幸せの見つけ方〜幼馴染は御曹司〜
 ある日の夜。
 実家に遊びに来ていた雅に誘われて、朱里は桐生家で夕食をご馳走になっていた。

 「朱里ちゃん。次回の演奏会のプログラムはもう決まったのかい?」

 瑛の父に尋ねられ、朱里は頷く。

 「はい、ほぼ決まりました。秋の演奏会で、時間も夕暮れ時なので、しっとりした曲も入れる予定です」
 「へえ、例えば?」
 「えっと、リストの『愛の夢』とか…」
 「おおー、それはいいね!楽しみだ」

 すると雅も身を乗り出す。

 「えー、ほんと?私、あの曲大好きなの。

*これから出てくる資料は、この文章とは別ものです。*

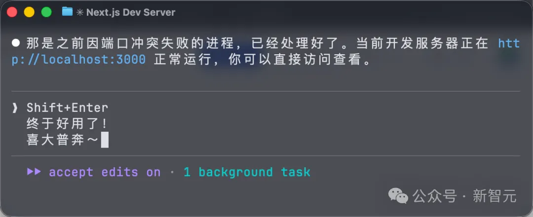 在iTerm2、Kitty、Ghostty、WezTerm这些终端里,Shift+Enter多行输入开箱即用。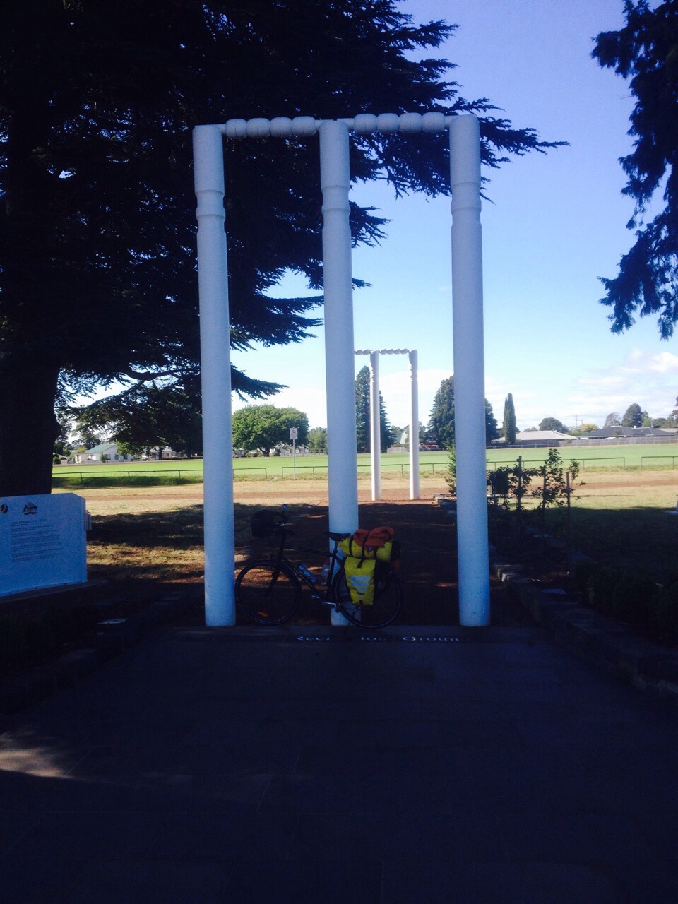 As much as possible we took back roads, they tend to be more interesting and have far less traffic. We followed the road to Exton, notable for its pig farm, on to Westbury which proudly proclaimed its status as “Tasmania’s Tidy Town winner 2015”. Westbury’s oval boasted the largest set of cricket stumps I have ever seen, in honour of a local boy made good, Jack Badcock who was a champion cricketer. He made his debut for Tasmania at age 15 and went on to play with Sir Donald Bradman’s Invincibles.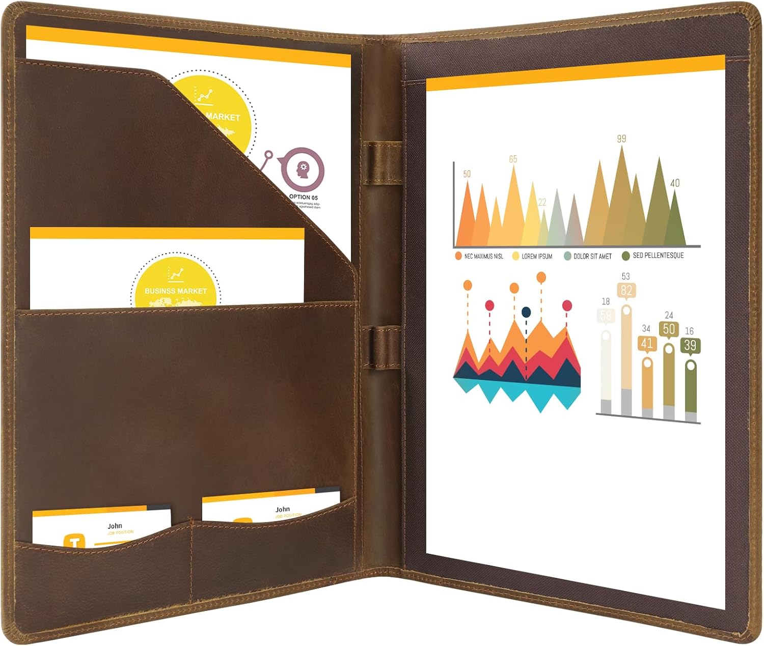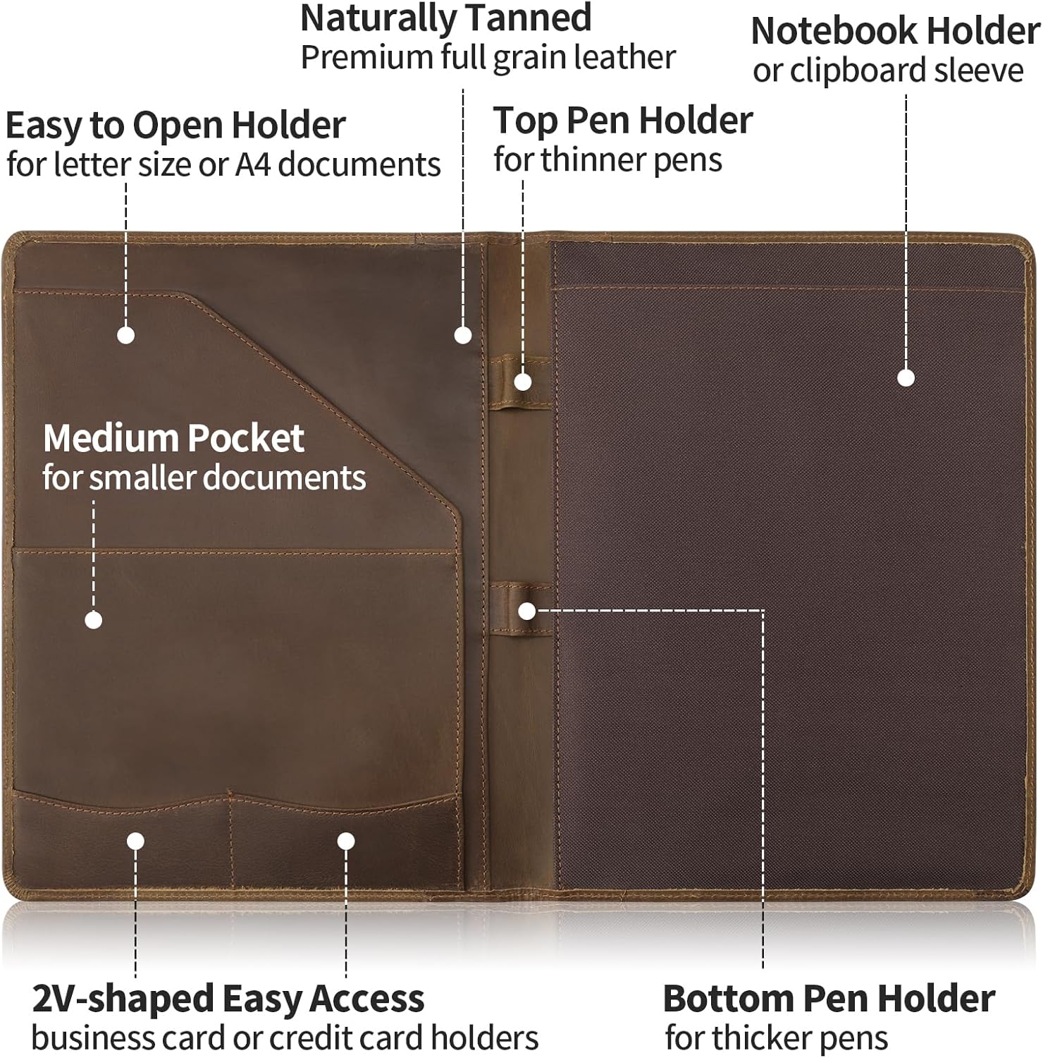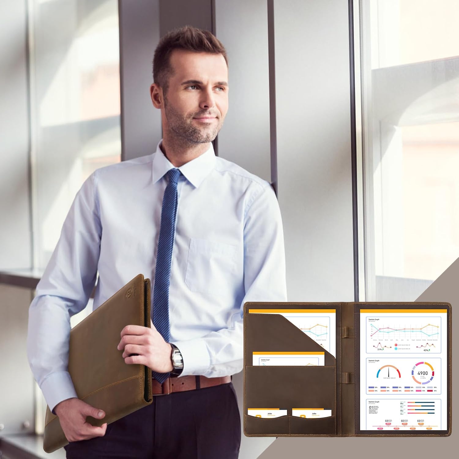 - 100% Premium Full Grain Leather: This leather portfolio is made of full grain leather, which is the highest- quality leather. It's more durable and rustic than PU leather. You can smell real leather.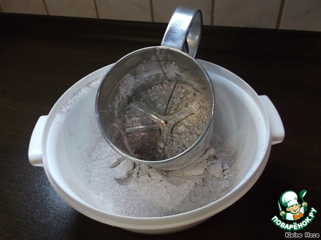 Крахмал, какао, разрыхлитель смешиваем и просеиваем через сито...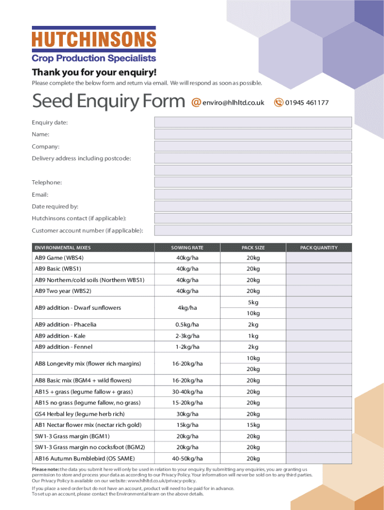 Please complete the below form and return via email. We will respond as soon as possible. Seed Inquiry Formenviro@hlhltd.co.uk01945 461177Enquiry date: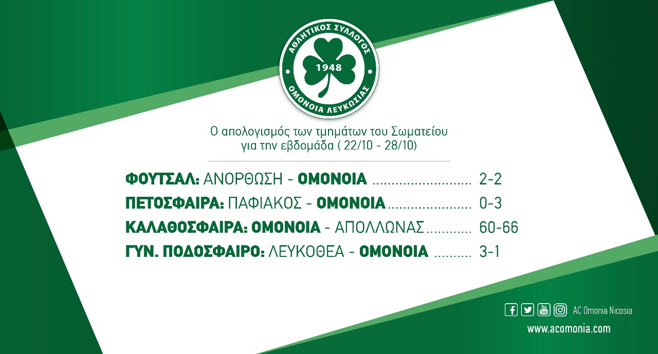 Η γυναικεία ομάδα ποδοσφαίρου έχασε με 3-1 από τη Λευκοθέα. Οι «πράσινες» έχουν 7 βαθμούς σε πέντε αγώνες και βρίσκονται στην 5η θέση.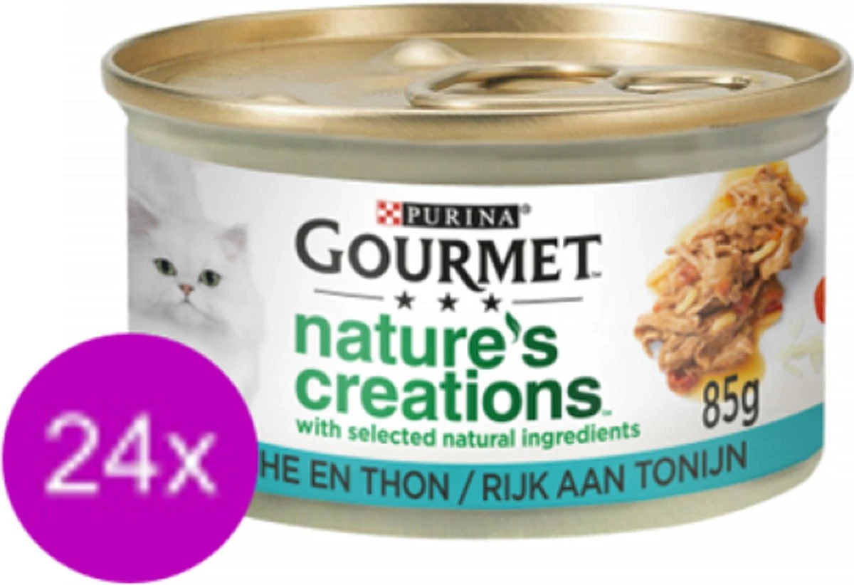 GOURMET™ Nature’s Creations™ is een collectie van heerlijke recepten geïnspireerd door de natuur. Deze recepten komen samen door een reeks geselecteerde natuurlijke ingrediënten te combineren om zelfs de meest kieskeurige katten te plezieren. Als jouw kat een verworven smaak voor vis heeft, zal hij zeker genieten van dit recept: PURINA GOURMET™ Nature’s Creations™ langzaam gegaarde Mini Filets, rijk aan tonijn, gegarneerd met tomaten en rijst. Een voortreffelijke hoofdmaaltijd die hem vanaf de eerste hap zal verleiden. Elk gerecht wordt rechtstreeks van blik naar kom gegoten en wordt geleverd in een eigen blik van 85g, met behoud van smaak en textuur, zodat elke maaltijd net zo lekker is als de vorige. Een voortreffelijk feest voor jouw fijnproever…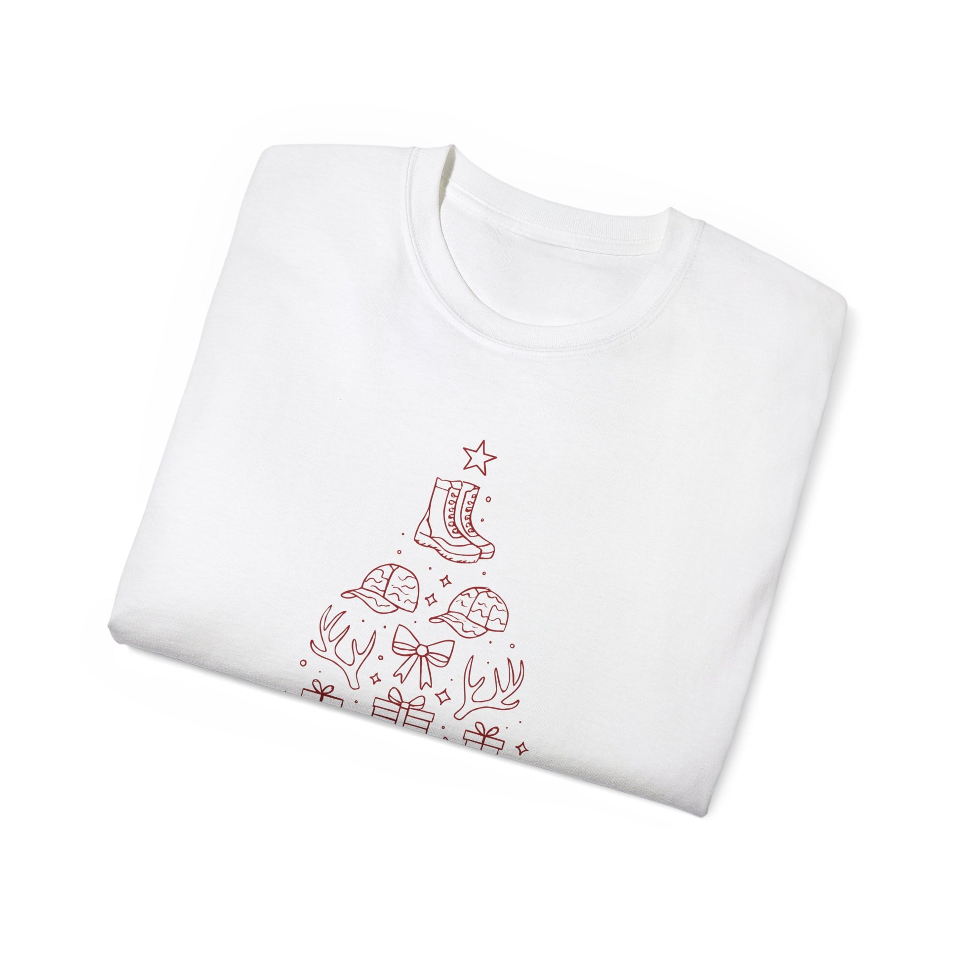 Lightweight, vintage-feel cotton tee printed with a warm, down-home holiday illustration. A simple stacked Christmas tree made from cozy icons — a stocking, mittens, a wreath, wrapped gifts — sits above a friendly “Merry Christmas Y’all” script. The shirt’s soft, slightly thicker cotton and roomy fit make it a shirt you reach for during chilly mornings, crowded kitchens, and relaxed family gatherings. It reads like a neighborhood holiday card: familiar, approachable, and quietly festive without shouting for attention.
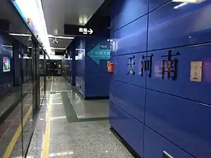 Tianhenan Station (Chinese: 天河南站; pinyin: Tiānhénán Zhàn; Jyutping: tin1ho4naam4 zaam6), formerly Tianhe 1st Road South Station (天河南一路站) during planning, is a metro station on the Guangzhou Metro APM line. It is located under the interchange of Tianhe 1st South Road (天河南一路) and Liuyun 2nd Street (六运二街) in the Tianhe District.[1] It started operation on 8 November 2010.[2][3] The station is unique in being the only station in Guangzhou with no escalator access to the platforms - instead 4 lifts carry passengers from the concourse to the platform although there is a staircase for emergency use.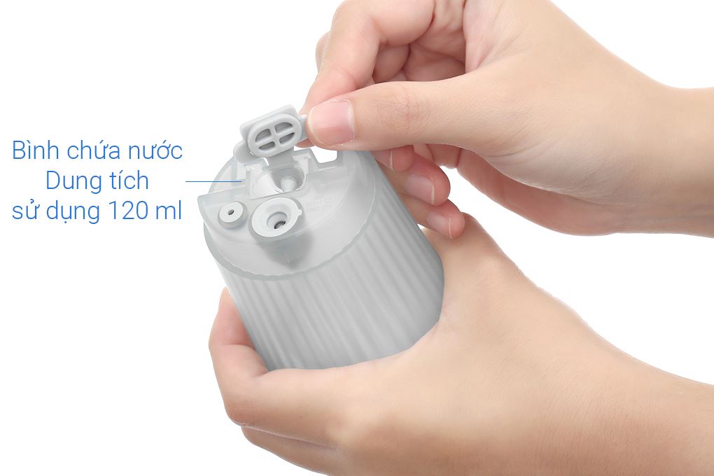 - Dung tích bình nước là 120 ml, có thể dễ dàng tháo rời để châm đầy nước bất cứ khi nào bạn cần trong quá trình ủi. Với mức dung tích này, bạn có thể ủi khoảng 2 - 3 bộ quần áo mà không cần phải bổ sung thêm nước nhiều lần.
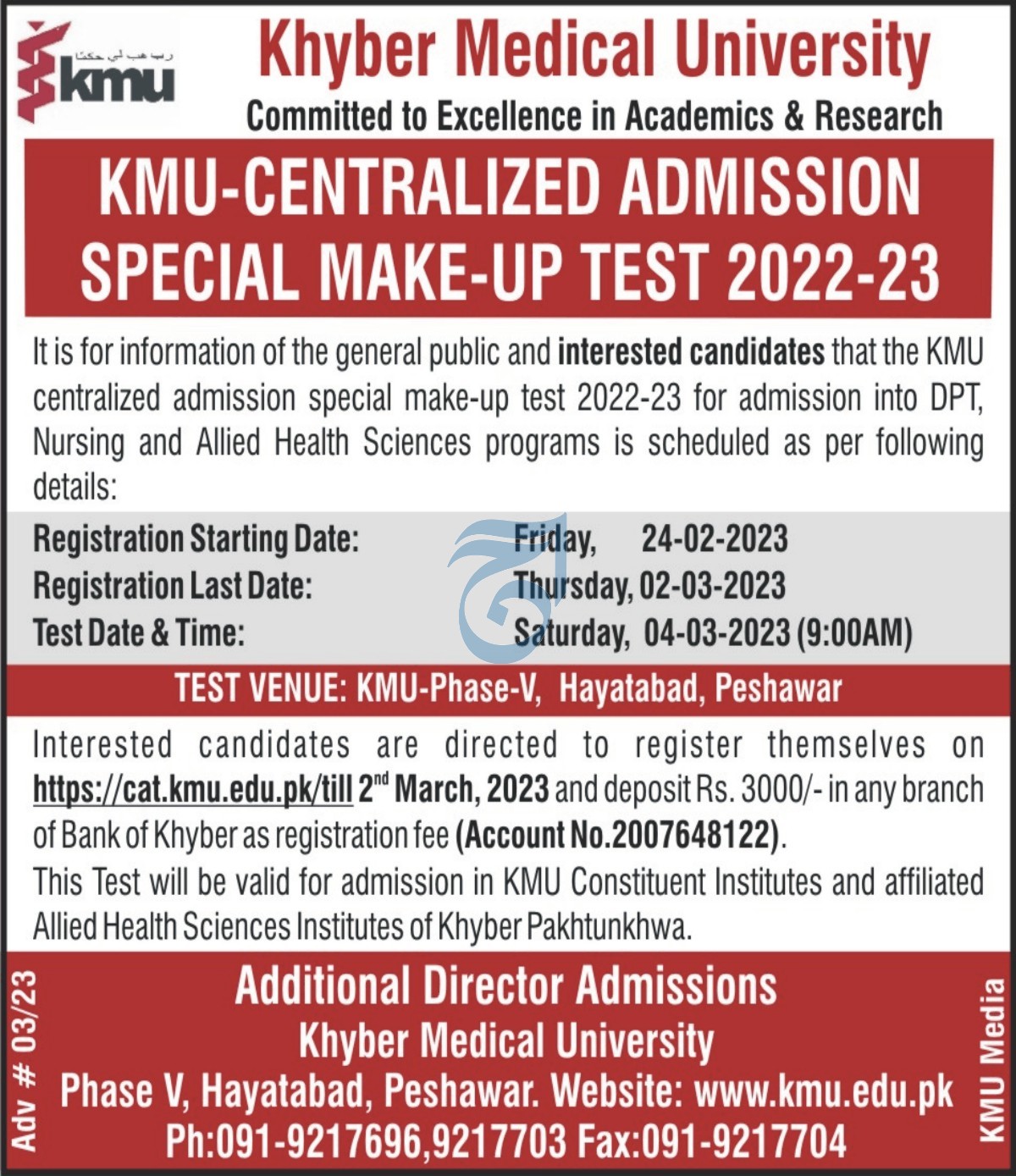 Khyber Medical University Peshawar Doctor of Physical Therapy DPT admissions 2023 has been announced. Students who want to take admissions in Khyber Medical University Peshawar Peshawar Khyber Pakhtunkhwa KPK Pakistan for academic year 2023 to continue education in Medical University can apply. Students for admissions in DPT can apply for online or campus classes as per Government institute criteria till admission closing date March 2, 2023. Read newspaper ad for exact details.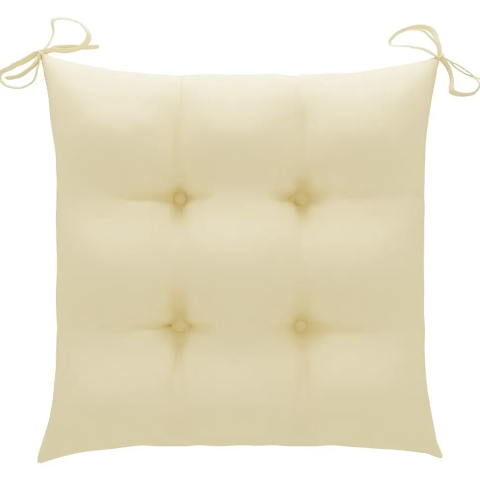 Cet ensemble de chaises de jardin en bois présente un design intemporel. Les chaises d鈥檈xtérieur conviennent à tous les environnements, tels que les maisons, les bureaux, les bars et les cafés, grâce à leur design simple mais élégant. Fabriqué en bois dur de teck extrêmement durable, cet ensemble de meubles en teck a été chevronné, séché au four puis finement poncé pour lui donner un aspect très lisse. Le bois de teck est connu pour sa résistance exceptionnelle aux intempéries, ce qui le rend bien plus adapté aux meubles de jardin que tout autre type de bois. Le bois de teck est le choix idéal si vous souhaitez acheter un meuble de jardin durable. Grâce à la surface sablée, les chaises de salle à manger sont résistantes aux intempéries et faciles à nettoyer. Elles peuvent également être pliées pour économiser de l鈥檈space de stockage lorsqu’elles ne sont pas utilisées. De plus, les coussins fournis offrent un confort supplémentaire. Chaque coussin dispose de 2 ensembles de cordes pour le fixer solidement sur la chaise. Remarque : afin de prolonger la durée de vie de vos meubles d’extérieur, nous vous recommandons de les nettoyer régulièrement et de ne pas les laisser à l’extérieur sans protection inutilement.Nettoyage : utiliser une solution savonneuse douceStockage : si possible, stockez dans un endroit frais et sec à l’intérieur. Si le produit est stocké à l’extérieur, protégez-le avec une housse imperméable. Essuyez et séchez l’excès d’eau ou de neige des surfaces planes après la pluie ou une chute de neige. Permettez une circulation d’air suffisante afin d’éviter les dommages liés à l’humidité.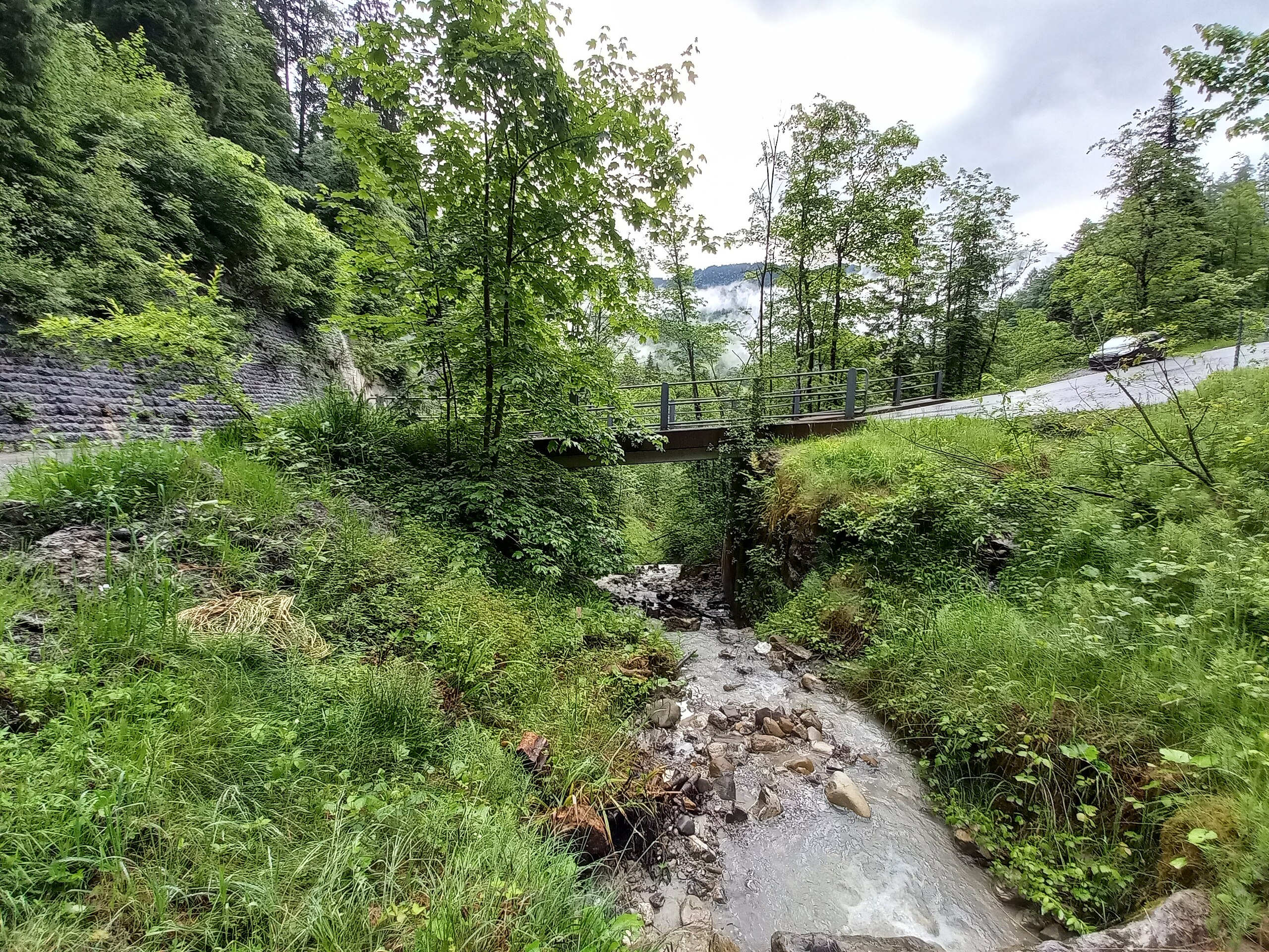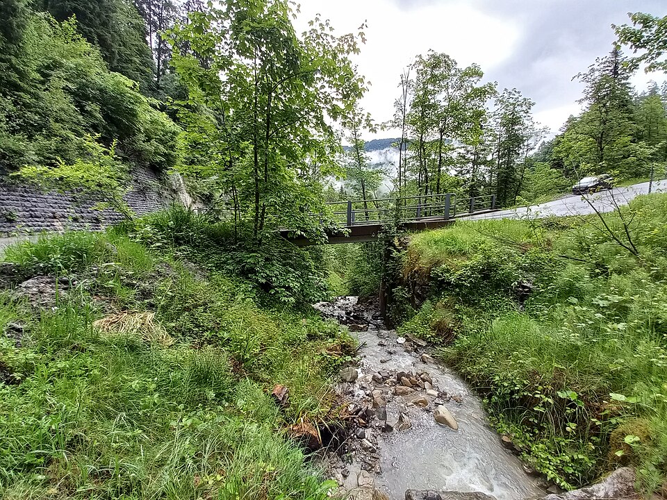 Deutsch: Alpriesebrücke an der Ebniterstraße in Dornbirn, Vorarlberg, Österreich. Überbrückt den Alpriesebach. Links ein Teil der Konsolidierungssperre Alpriese

絶対聴きに行くからね、朱里ちゃん」
 「あ、はい…」

 (うう…、プレッシャーが…)

 朱里が思わず下を向いた時、瑛が口を開いた。

 「そんなに有名な曲なのか?それ」
 「ええ?瑛ったら、知らないの?」

 雅が呆れたようにため息をつく。

 「瑛、あなた少しは音楽にも詳しくないと、パーティーで会話に困るわよ」
 「そうだぞ、瑛。有名な曲くらいは教養として覚えておいた方がいい。朱里ちゃんに教わったらどうた?」

 両親がそう言った時、雅が付け加えた。

 「あ、でも瑛。『愛の夢』は下調べして聴いたりしないで」
 「は?なんで?」
 「あなたが最初にこの曲を聴くのは、朱里ちゃんの演奏にしなさい」

 ええー?と朱里は仰け反る。

 「そ、そんな!私の演奏が最初なんて、リストに叱られますから」
 「ううん、瑛は朱里ちゃんの演奏をまっさらな気持ちで聴くべきよ。ね?瑛。動画とか見たりしないでね」

 瑛は、雅の勢いに呑まれて頷く。

 「あ、まあ。うん、じゃあ」
 「ひえっ、本当に?あー、責任重大」

 朱里は思わず両手で頬を押さえた。